“I’m Prabanand Chandrasekaran, a writer, director, producer and former academic. I was born in Coimbatore but grew up across many parts of India because my father worked in a government job that required frequent transfers. Moving constantly exposed me to different cultures and perspectives at a young age, something that later shaped the way I see and tell stories.
My fascination with images began when I was seven. My father owned a Yashica Electro 35 camera he had brought from Dubai. He kept it carefully out of my reach, worried I might damage it, but that only made me more curious. I would stare at it and imagine the stories it could capture. Photography slowly became a hobby, though I didn’t know then how deeply it would influence my life.
When I was sixteen, my father requested a transfer to Madras because he believed it was the best city in India for academics. Chennai soon became home. Even when work later took me elsewhere, I always found myself returning to the city.
After graduating, I joined a software company in Chennai as a programmer in 2002. Within three months I realized a routine desk job wasn’t for me. Around that time I was sent to Periyar University in Salem for a six month onsite project. During long night walks across the quiet campus, I befriended a security guard. One evening I showed him my father’s camera and explained how film photography needed good lighting. Without hesitation he switched on all the floodlights across the campus for a few minutes. The entire place suddenly lit up. Buildings glowed, lawns shone and rabbits froze in the grass. I photographed everything I could. In that moment I realized this was what I truly wanted to do.
Soon after, I quit my software job and enrolled in the MSc Electronic Media program at the University of Madras. My family was not thrilled about me leaving a stable career, but I knew I had found my path.
During my studies I directed short films that won awards, and soon began working with Chennai Doordarshan and Vijay TV. I scripted and directed several programs and live shows, learning how every department in a media organization worked. Later, the 2004 tsunami became a turning point in my work. For my final project I made a documentary about displaced fishermen near Chennai who were fighting to reclaim their land. That project led to collaborations with organizations such as UNESCO and the National Disaster Management Authority. While I also made corporate films, documentaries fascinated me because they allowed deeper engagement with people and real stories.
Life took another turn when I began teaching Visual Communication, initially as a temporary arrangement that grew into a full time academic career. I eventually became Head of the Department and later an Assistant Professor. Even while teaching, I stayed connected to cinema as a script analyst, production controller and publicist, and helped organize the Chennai International Film Festival for five years.
Nearly fifteen years later, something unexpected happened.

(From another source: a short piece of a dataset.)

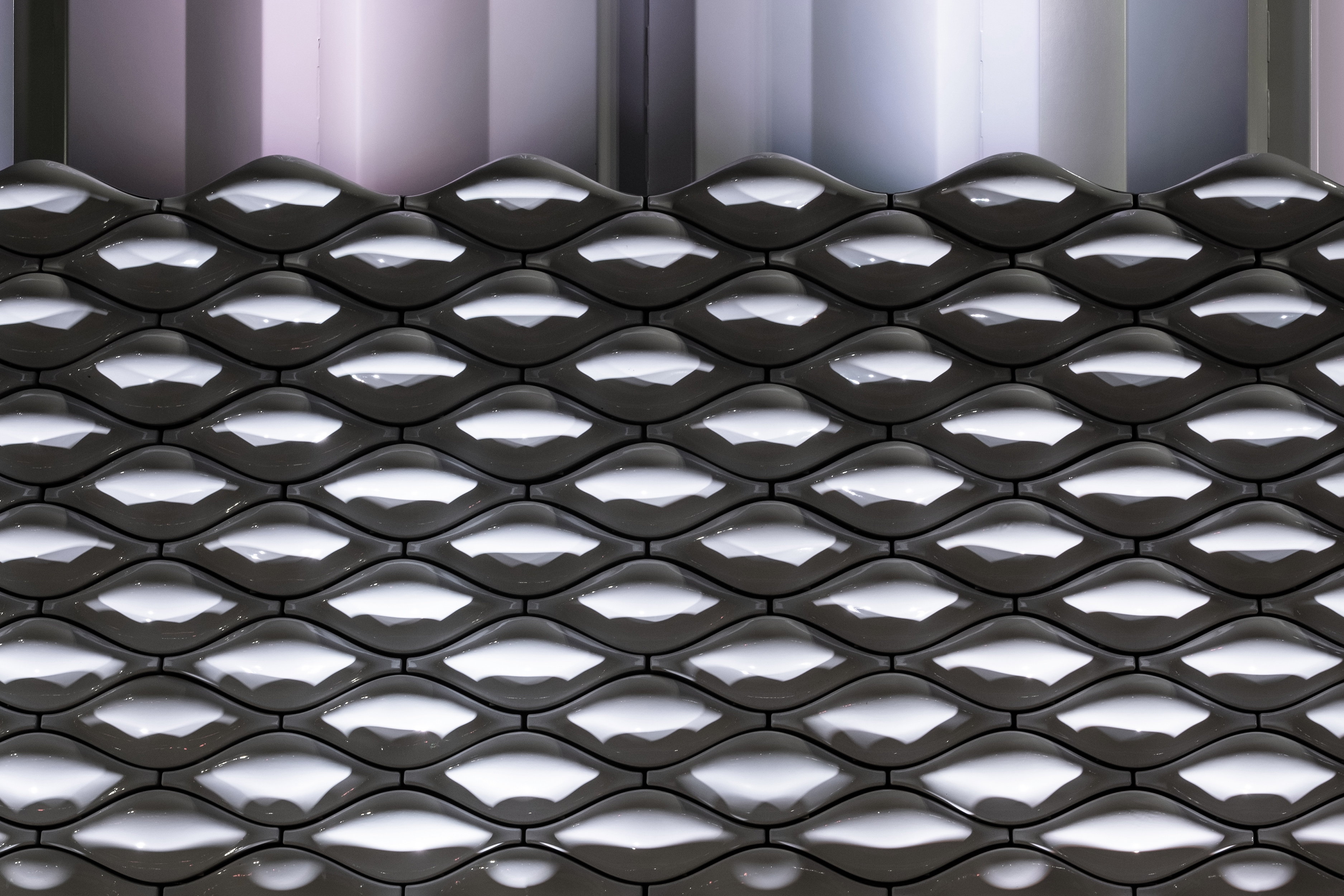 At street level, the Wall of Energy, clad in bespoke white-ceramic tiles. To camouflage a dispersion, the structure deploys Tonkin Liu’s and ARUP’s 12 shell-lace structure, a single-surface structure that stands 6mm thick and 40-metre tall.

During a drive from Coimbatore Airport to Ooty, a cab driver asked if I wanted to listen to local music but instead played a documentary called Music of the Mountains about Nilgiris tribal music. To my surprise, it was a film I had directed years earlier. He told me it had been broadcast widely on local cable networks and shared across CDs and pen drives. When I told him I was the director, he did not believe me at first. In that moment I realized my work had quietly reached people I never imagined.

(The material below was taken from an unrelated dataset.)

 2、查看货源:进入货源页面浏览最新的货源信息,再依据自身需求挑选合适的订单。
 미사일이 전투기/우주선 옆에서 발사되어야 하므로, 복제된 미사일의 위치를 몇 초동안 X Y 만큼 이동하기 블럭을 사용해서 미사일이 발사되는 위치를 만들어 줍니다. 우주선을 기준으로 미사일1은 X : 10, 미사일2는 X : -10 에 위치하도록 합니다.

That experience pushed me to return to filmmaking full time. I resigned from academia, started my production house and began working on my first feature film.

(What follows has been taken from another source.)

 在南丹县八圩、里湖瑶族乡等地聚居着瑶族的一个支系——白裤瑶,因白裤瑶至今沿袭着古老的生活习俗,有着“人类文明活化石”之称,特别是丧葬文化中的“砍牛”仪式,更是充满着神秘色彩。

Chennai has shaped me deeply, academically, creatively and personally. Having grown up across many parts of India, I have seen difficult social realities, but Chennai has always felt balanced and inclusive. I love the city’s language, its film, music and book festivals, the Anna Centenary Library, its art spaces and the long ECR coastline filled with memories.
I have also seen the resilience of Chennaiites, especially during the 2015 floods when people came together through mobile networks and social media to help one another. It remains one of the most inspiring examples of community solidarity I have witnessed.
For me, Chennai is the place that shaped my journey as a storyteller.”